What a leftist Moroccan journal from the 60s can teach us about today’s cultural crises.
Next March will mark the fifty-year anniversary of Souffles, a short-lived but incendiary publication founded in the wake of the brutally repressed March 1965 student protests that inaugurated the decades-long period known as “the years of lead” in Morocco. Initially a poetry and culture review, Souffles and later its Arabic-language twin Anfas became the unapologetic platforms for the disgruntled Moroccan youth that took to the streets in 1965. In 1971 the journal’s editor-in-chief, Abdellatif Laâbi, and dozens of fellow Souffles-Anfas activists were arbitrarily arrested, tortured, and imprisoned, effectively putting an end to this remarkable journal, if not to political dissidence, which continued unabated in the jails of Hassan II.
Moroccan writers and artists broke with stagnant French models and Arabic canons in order to forge new artistic forms.
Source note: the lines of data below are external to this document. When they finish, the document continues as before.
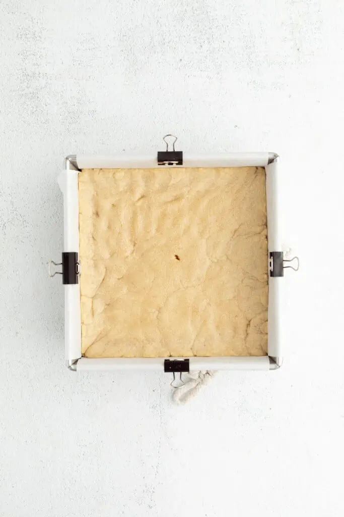 - Add the remaining dough to the 8×8 baking pan pressing down into an even layer making sure to spread the dough all the way to the sides.
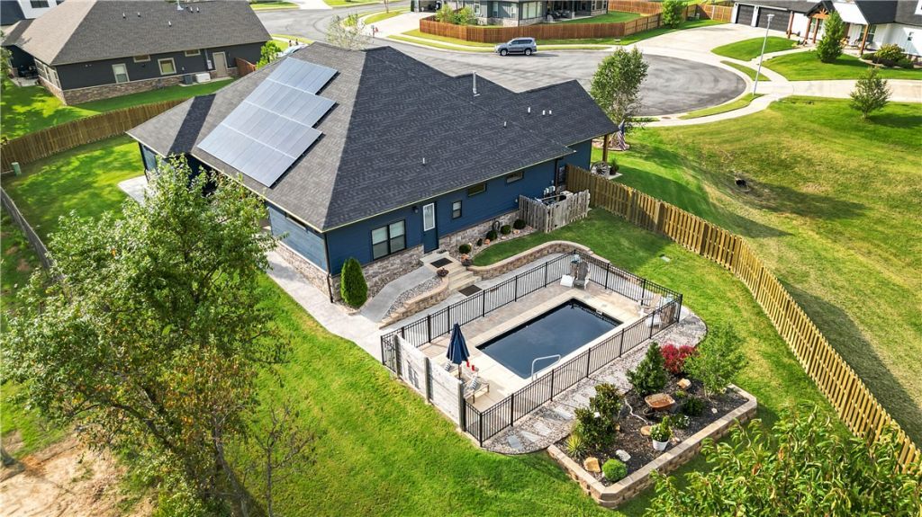 You could buy new construction, but it won't come with a private heated pool, paid-off solar panels, a tornado shelter, and a whole-home Generac natural gas generator. And that's just the beginning. This home is packed with upgrades & details that truly make it special. You need to see it in person to fully appreciate it.This 2021 build offers an open-concept filled with natural light featuring beautiful flooring and a cozy corner fireplace. The kitchen is a standout with JennAir appliances, stunning countertops, and seamless flow into the living and dining areas.All 4 bedrooms, plus a dedicated office featuring a custom pecan slab desktop, are conveniently located on one level. Step outside to your private retreat, complete with a paved walkway leading around the yard from a gated in-ground saline pool to a Blaze outdoor kitchen under a covered patio and all the way to the heated & cooled 3-car garage with epoxy floors and built-in cabinetry. Ask for the video & 3D tour, or schedule your private showing
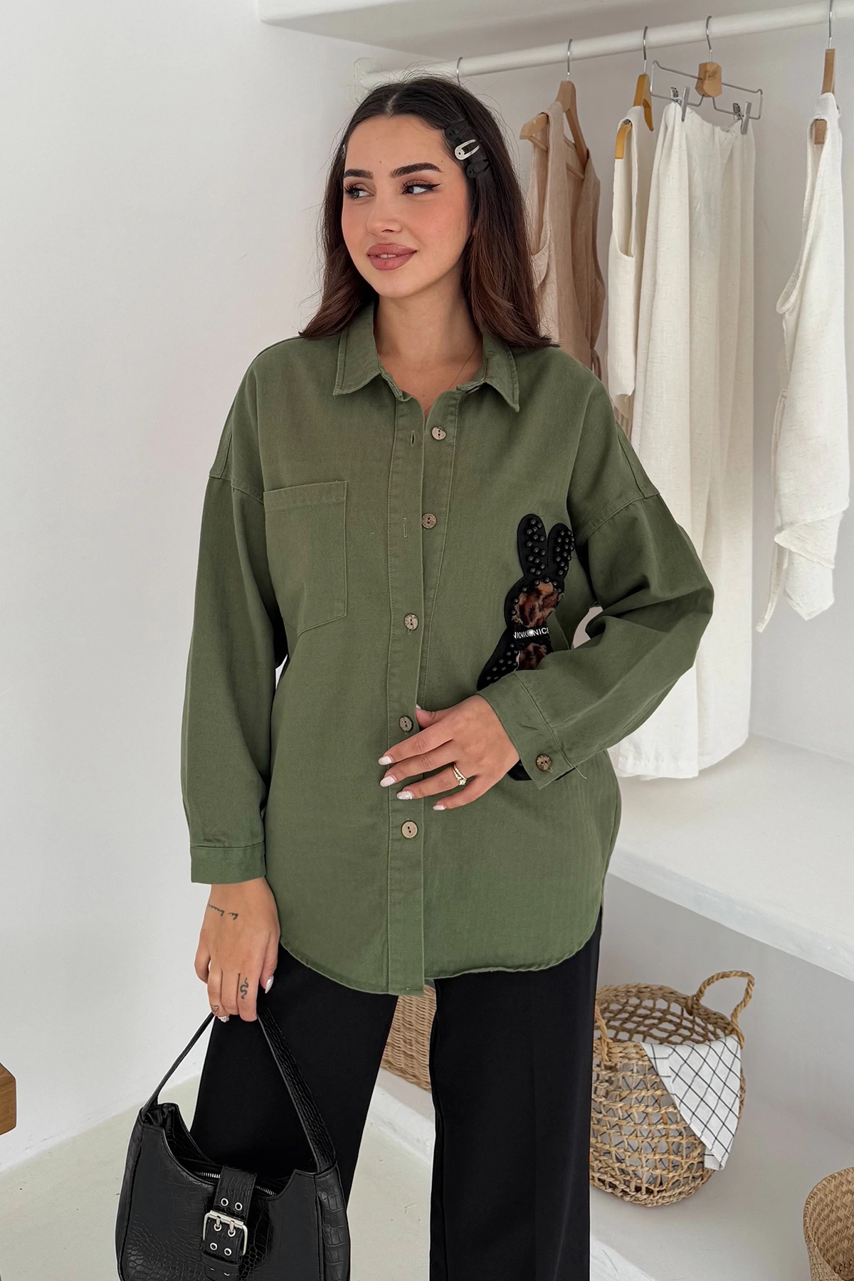 Haki rengi ile her kombine uyum sağlayan bu gömlek, oversize veya klasik kesim fark etmeksizin şık ve modern bir görünüm sunar. Günlük stilinizi özgünleştirmek için mükemmel bir tercih!
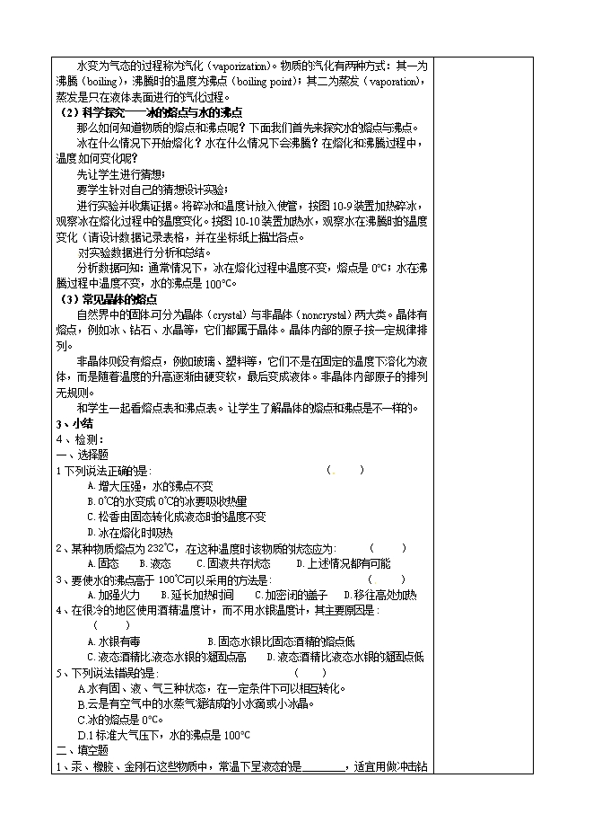 教学目标: 1、通过对水的熔点和沸点的科学探究,熟悉科学探究全过程的各个环节。

A repository of seminal 1960s texts from across the colonized and postcolonial world, Souffles-Anfas provides a window onto the transnational cultural and political movements that mark the heyday of Third Worldism and anticolonial theory. The sentiments and political grievances expressed in Souffles-Anfas are precursors to contemporary progressive movements—from the pro-democracy revolts collectively termed the Arab Spring to struggles for racial justice in the West. The journal proved instrumental in establishing dialogues between writers, artists, and activists from Africa, Asia, and the Americas. It published seminal works by tricontinental writers and political activists the likes of Haitian writer René Depestre, the Syrian poet Adonis, and Amilcar Cabral, the leader of the struggle for independence from Portugal in Guinea-Bissau, as well as key revolutionary and postcolonial texts, such as the Black Panthers’ Ten-Point Program or the Argentine manifesto for a Third Cinema.
Frantz Fanon, the theorist of decolonization and prophet of postcolonial disillusionment, was a particularly important interlocutor for the journal’s founding members. Heeding Fanon’s call to leave Europe behind, Laâbi advocated for what he called “cultural decolonization”—a process by which Moroccan writers and artists would break with stagnant French models and Arabic canons in order to forge new artistic forms and literary languages in dialogue with the rest of the decolonizing world.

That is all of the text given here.